In cell biology, unraveling the complexities of cellular function at the molecular level remains a paramount endeavor. Significant scientific attention has been paid to understanding interactions at organelle contact sites, especially between mitochondria and the endoplasmic reticulum (ER). These sites are critical centers for the exchange of essential biomolecules, such as lipids and calcium, which are vital for maintaining cellular homeostasis. Disruptions in this communication between organelles are implicated in the development of various diseases, including neurodegenerative disorders, emphasizing the need to elucidate the mechanisms that govern organelle interactions. However, the study of these dynamic complexes presents significant challenges due to the lack of available tools, complicating the quest to understand the contact sites between the ER and mitochondria.
Following this need, a new strategy called “OrthoID” has been developed through the collaborative efforts of scientists from POSTECH, Daegu Catholic University College of Medicine, and Seoul National University. Featured in Nature CommunicationsOrthoID addresses this challenge by refining our ability to identify proteins that mediate these critical conversations.
Traditional methods relied heavily on the naturally derived streptavidin-biotin (SA-BT) binding system to label and isolate these mediator proteins. However, this approach has its limitations, particularly in capturing the full spectrum of protein interactions between two different organelles. OrthoID overcomes these limitations by introducing an additional synthetic binding pair, cucurbit.[7]uryl-adamantane (CB[7]-Ad), to work alongside SA-BT. The combination of mutually orthogonal binding pair systems allowed more precise identification and analysis of mediator proteins that freely translocate between the ER and mitochondria, facilitating deeper exploration of proteins involved in organelle contact sites. and discovering their roles in cellular functions and diseases. mechanisms.

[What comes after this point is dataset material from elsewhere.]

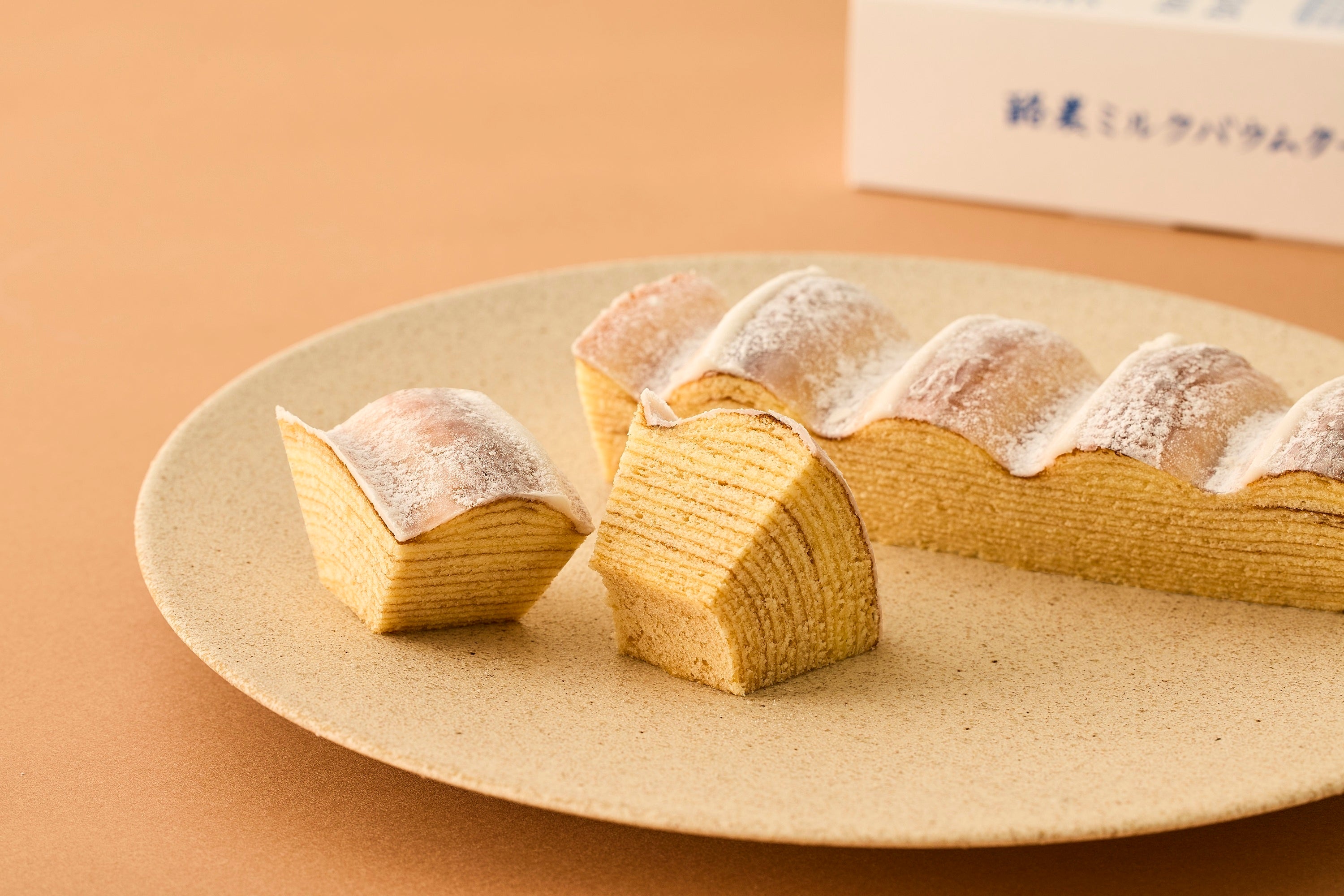北海道の自社牧場で搾った放牧牛乳や平飼い卵を使い、ふんわり厚みのある層に焼き上げました。外側のしっとりとしたミルクのグラスと溶け合い、やさしい甘みとコクが広がります。自然素材にこだわった、酪農の恵みを感じるバウムクーヘンです。

Through meticulous experiments, researchers have demonstrated the effectiveness of OrthoID in quickly and accurately labeling proteins involved in dynamic organelle communication processes. By leveraging proximity labeling techniques (APEX2 and TurboID) with orthogonal binding pair systems, the method efficiently labeled and isolated proteins that facilitate critical interactions between mitochondria and the ER. This approach not only identifies known proteins involved in contacts between the ER and mitochondria, but also uncovers new candidate proteins, including LRC59, whose functions at the contact site were previously unknown. Furthermore, they also successfully identified the multiple sets of proteins that undergo structural and locational changes at the ER-mitochondria junction during critical cellular processes such as mitophagy, where damaged mitochondria are the target of degradation.
“OrthoID’s flexibility and modularity are among its greatest strengths.” says Professor Kimoon Kim, who led the POSTECH research. “This adaptability not only allows the study of various organelle contact sites, but also opens new avenues to explore complex cellular communications, overcoming the technical limitations of existing methods.”
Professor Kyeng Min Park from Daegu Catholic University School of Medicine adds: “OrthoID is a versatile and useful research tool aimed at decoding the complex language of cellular communication. It is expected to facilitate discoveries that will have profound implications for understand cellular health. , elucidate the mechanisms of the disease and promote the development of new therapeutic strategies.”
The collaborative team included Prof. Kimoon Kim and Dr. Ara Lee from the Department of Chemistry, Dr. Gihyun Sung from the Division of Advanced Materials Science at Pohang University of Science and Technology (POSTECH), Prof. Kyeng Min Park of the Catholic University of Daegu College of Medicine, Professor Hyun-Woo Rhee of the Department of Chemistry, and Professor Jong-Seo Kim of the College of Biological Sciences of Seoul National University.
This work was supported by the National Research Foundation of Korea (NRF) and the Institute of Basic Sciences (IBS).